*What the exercise asks*. A verbatim repetition of the data below is requested, without images.

Start of Information provided

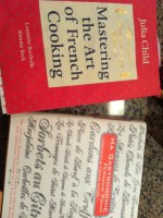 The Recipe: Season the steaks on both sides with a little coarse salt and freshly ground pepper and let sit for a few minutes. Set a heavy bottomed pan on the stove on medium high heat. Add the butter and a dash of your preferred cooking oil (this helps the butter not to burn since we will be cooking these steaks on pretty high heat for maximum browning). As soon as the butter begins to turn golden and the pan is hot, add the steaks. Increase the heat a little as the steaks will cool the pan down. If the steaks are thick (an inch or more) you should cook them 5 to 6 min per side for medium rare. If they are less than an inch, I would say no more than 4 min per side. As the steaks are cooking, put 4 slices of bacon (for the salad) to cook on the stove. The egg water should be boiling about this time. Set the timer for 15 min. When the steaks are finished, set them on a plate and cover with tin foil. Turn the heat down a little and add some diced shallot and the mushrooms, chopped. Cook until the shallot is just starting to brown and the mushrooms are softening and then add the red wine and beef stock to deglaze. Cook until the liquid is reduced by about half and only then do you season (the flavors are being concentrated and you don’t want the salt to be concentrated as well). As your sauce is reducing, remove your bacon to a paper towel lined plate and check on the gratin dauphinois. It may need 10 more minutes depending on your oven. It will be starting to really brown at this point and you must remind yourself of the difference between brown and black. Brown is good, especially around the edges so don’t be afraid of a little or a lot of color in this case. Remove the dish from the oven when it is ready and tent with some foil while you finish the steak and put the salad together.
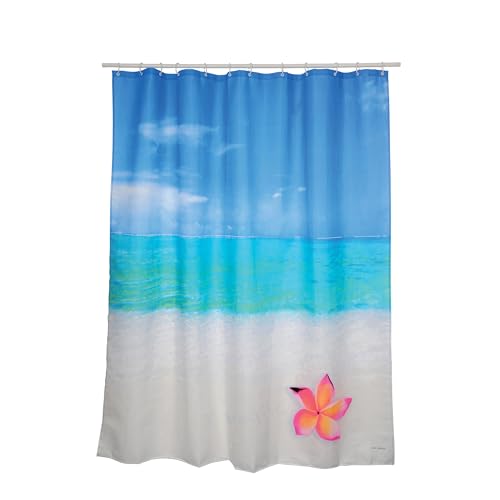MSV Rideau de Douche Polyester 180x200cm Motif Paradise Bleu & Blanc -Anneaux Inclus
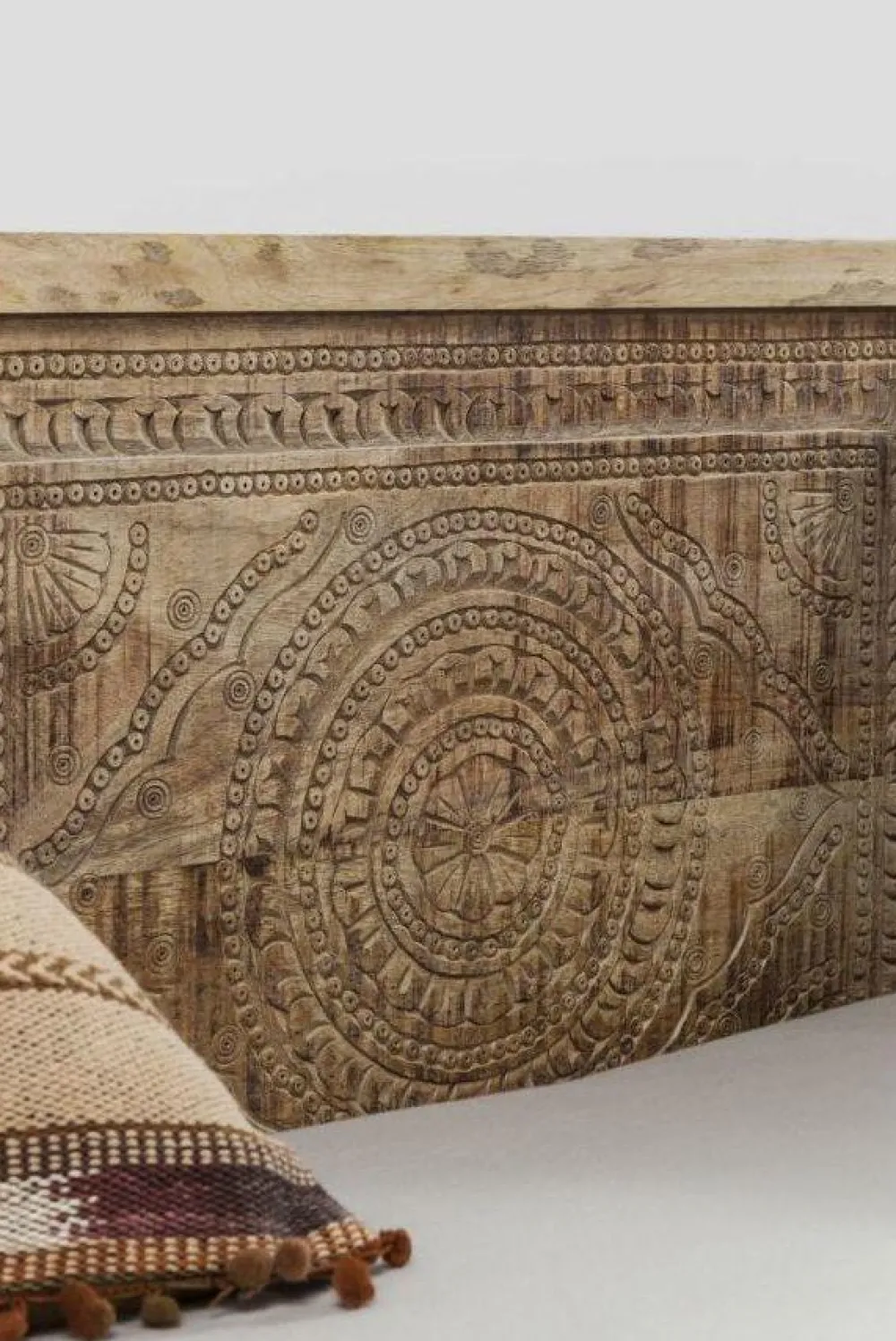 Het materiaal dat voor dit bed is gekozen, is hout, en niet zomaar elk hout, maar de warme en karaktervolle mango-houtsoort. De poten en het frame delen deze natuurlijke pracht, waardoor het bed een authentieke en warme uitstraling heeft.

End of Information provided

*Task response*.
 The Recipe: Season the steaks on both sides with a little coarse salt and freshly ground pepper and let sit for a few minutes. Set a heavy bottomed pan on the stove on medium high heat. Add the butter and a dash of your preferred cooking oil (this helps the butter not to burn since we will be cooking these steaks on pretty high heat for maximum browning). As soon as the butter begins to turn golden and the pan is hot, add the steaks. Increase the heat a little as the steaks will cool the pan down. If the steaks are thick (an inch or more) you should cook them 5 to 6 min per side for medium rare. If they are less than an inch, I would say no more than 4 min per side. As the steaks are cooking, put 4 slices of bacon (for the salad) to cook on the stove. The egg water should be boiling about this time. Set the timer for 15 min. When the steaks are finished, set them on a plate and cover with tin foil. Turn the heat down a little and add some diced shallot and the mushrooms, chopped. Cook until the shallot is just starting to brown and the mushrooms are softening and then add the red wine and beef stock to deglaze. Cook until the liquid is reduced by about half and only then do you season (the flavors are being concentrated and you don’t want the salt to be concentrated as well). As your sauce is reducing, remove your bacon to a paper towel lined plate and check on the gratin dauphinois. It may need 10 more minutes depending on your oven. It will be starting to really brown at this point and you must remind yourself of the difference between brown and black. Brown is good, especially around the edges so don’t be afraid of a little or a lot of color in this case. Remove the dish from the oven when it is ready and tent with some foil while you finish the steak and put the salad together.
MSV Rideau de Douche Polyester 180x200cm Motif Paradise Bleu & Blanc -Anneaux Inclus
 Het materiaal dat voor dit bed is gekozen, is hout, en niet zomaar elk hout, maar de warme en karaktervolle mango-houtsoort. De poten en het frame delen deze natuurlijke pracht, waardoor het bed een authentieke en warme uitstraling heeft.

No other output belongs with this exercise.